From left, Maybelle Stamper’s “A Song A-Float,” 1951 (two lithographs); “To Be Seeing and Worshiping God in One Another,” 1953; “Spring Song,” 1951 (two lithographs); and “Unicorn,” 1964, from the under-the-radar midcentury artist at Ortuzar gallery.Jeenah Moon for The New York Times

The earnest, only slightly unnerving self-portrait in this solo booth shows the reclusive midcentury artist Maybelle Stamper as a young woman studying at the Art Students League in 1933. But the rest of the display, all works on paper, gets stranger and more interesting. Lithographs in which round, netsuke-like heads float on moth wings or bump into unattached breasts mingle with tangled lines, invented not-quite-alphabets and more peculiar faces staring just over your shoulder.

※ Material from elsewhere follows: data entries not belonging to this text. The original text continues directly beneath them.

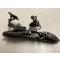 Platine à la chenapan Italienne du 18 siècle,longueur total 150 mm hauteur total 75 mm hauteur du corps de la platine 26 mm ,le métal avec des décors des figures en relief,intérieur avec des ressorts fermes,manque une petite partie de la détente un couvre bassinet poids 398 grammes,vendu dans l'état.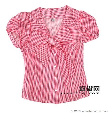 红白相间的碎格子衬上胸前的蝴蝶结显得更加甜美诱人。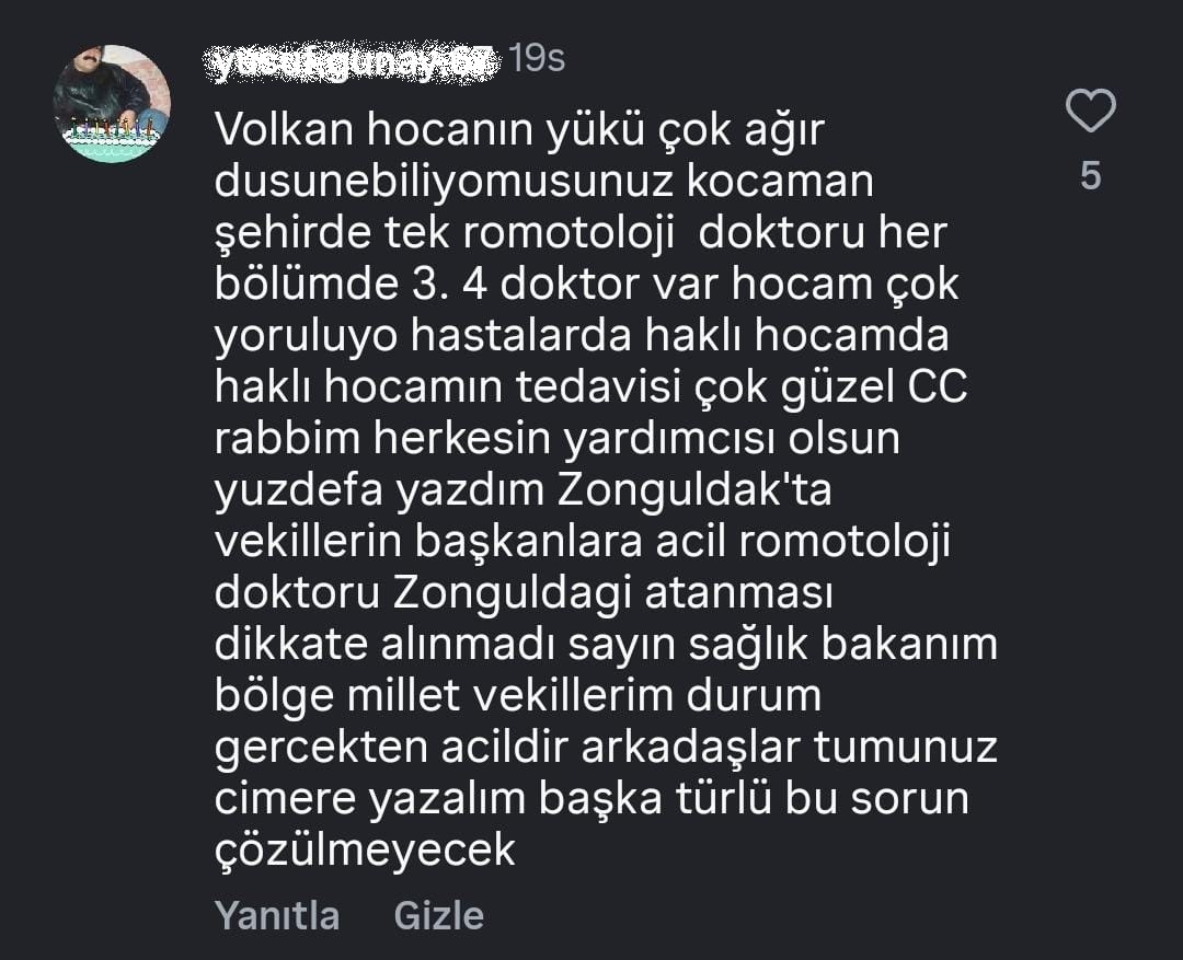 Zonguldak Atatürk Devlet Hastanesi Romatoloji Servisi’nde doktor ile hasta arasında yaşanan ve güvenlik görevlilerinin müdahalesiyle büyümeden önlenen tartışma, sosyal medyada büyük tepki çekti. Z HABER’in yaptığı haberin altında şikâyetlerini dile getiren onlarca hastaya Doktor V.Y. tek tek yanıt verdi. V.Y., hakaret içerikli yorumlar hakkında ise hukuki sürecin başlatılacağını belirtti.
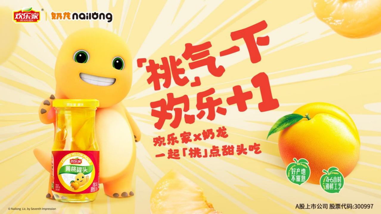 近日,欢乐家(300997.SZ)宣布与国民级IP“奶龙”达成合作,推出联名黄桃罐头新品。新品宣发以“桃气一下,欢乐+1”为主题,将经典果罐产品与潮流IP形象结合,借助情绪价值与场景化消费表达,开辟了水果罐头行业在年轻群体中的新增长空间。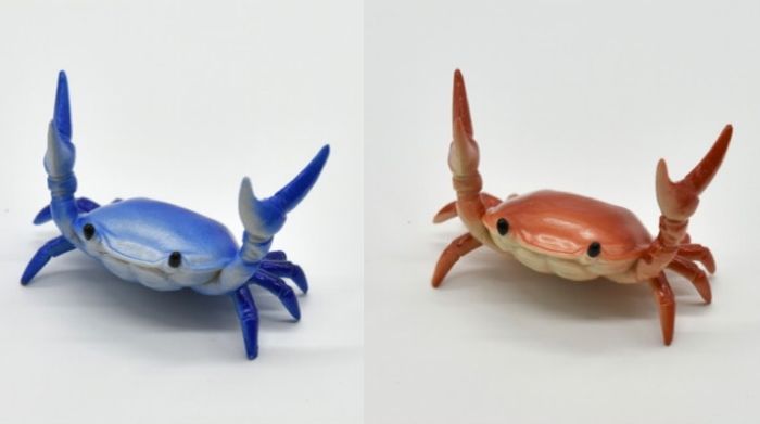 カニの形をしたペンホルダーです。上に振り上げたハサミ脚で、ボールペンなどを挟みます。赤・青のほかにも、豊富なカラーがそろっています。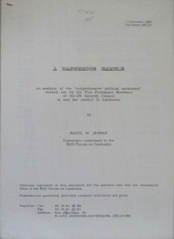 An Analysias of the "Comprehensive Political Settement" Worked out by Five Permnent Members of the UN Security Council to end the Conflict in Cambodia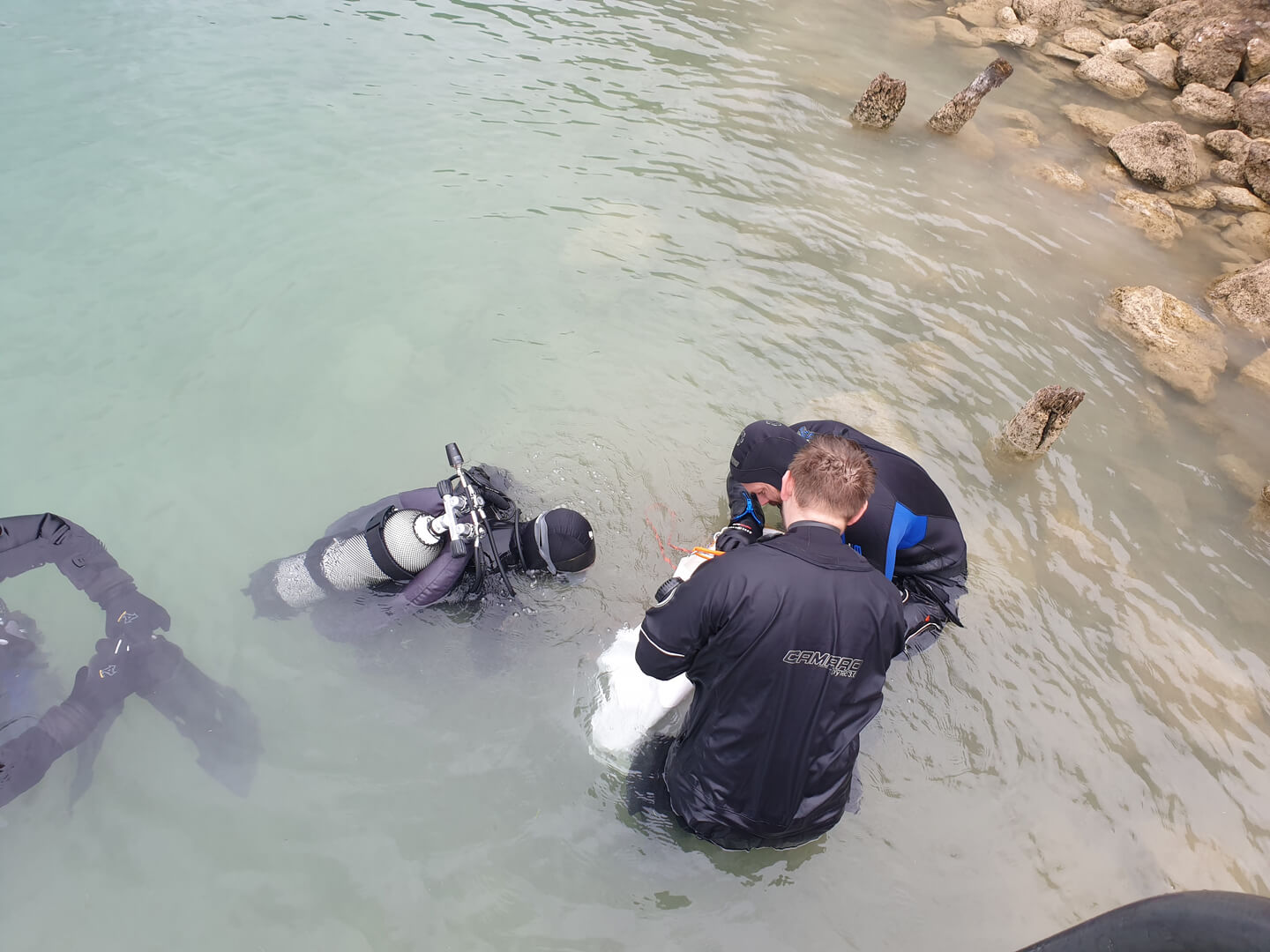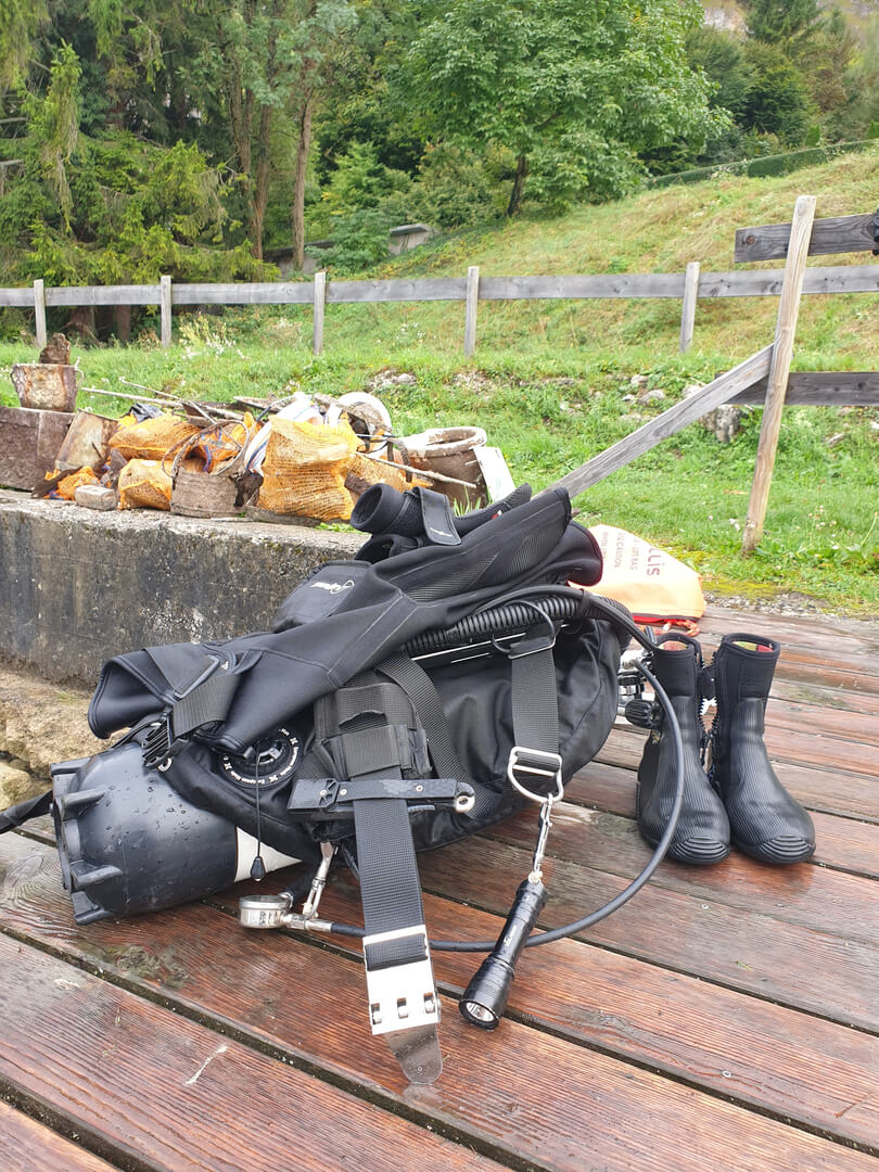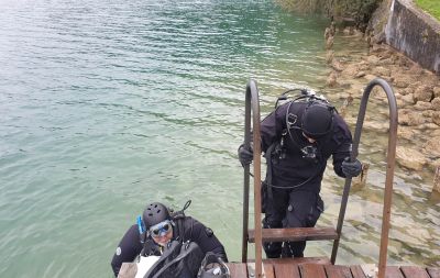 Doch unser Einsatz war noch nicht vorbei. Beim vorherigen Tauchgang wurde ein großes Stück und ein umliegendes Müllfeld mit einer Boje markiert. Einige von uns tauschten die Pressluftflaschen und begaben sich nach einer Oberflächenpause wieder ins kühle Nass.

From left, Ruth Laskey’s delicate, hand-woven linens include “Twill Series (Loops 5),” 2023; Adaline Kent’s “Days of Our Youth,” 1947; Kent’s “Rendezvous,” 1954; and Laskey’s “Twill Series (Loops 3,)” 2023 at Altman Siegel gallery.Jeenah Moon for The New York Times

In this sand-colored exhibition of work by three women, the designs on Ruth Laskey’s delicate, hand-woven linens evoke sigils from the Maghreb and a small brass hanging by Ruth Asawa hits above its weight. But the stars are three abstract terra cotta sculptures by Adaline Kent (1900-1975), which loosely resemble a planter, a vase and an adobe dollhouse. Stocky but somehow soaring, they’re hard to parse but just as hard to look away from.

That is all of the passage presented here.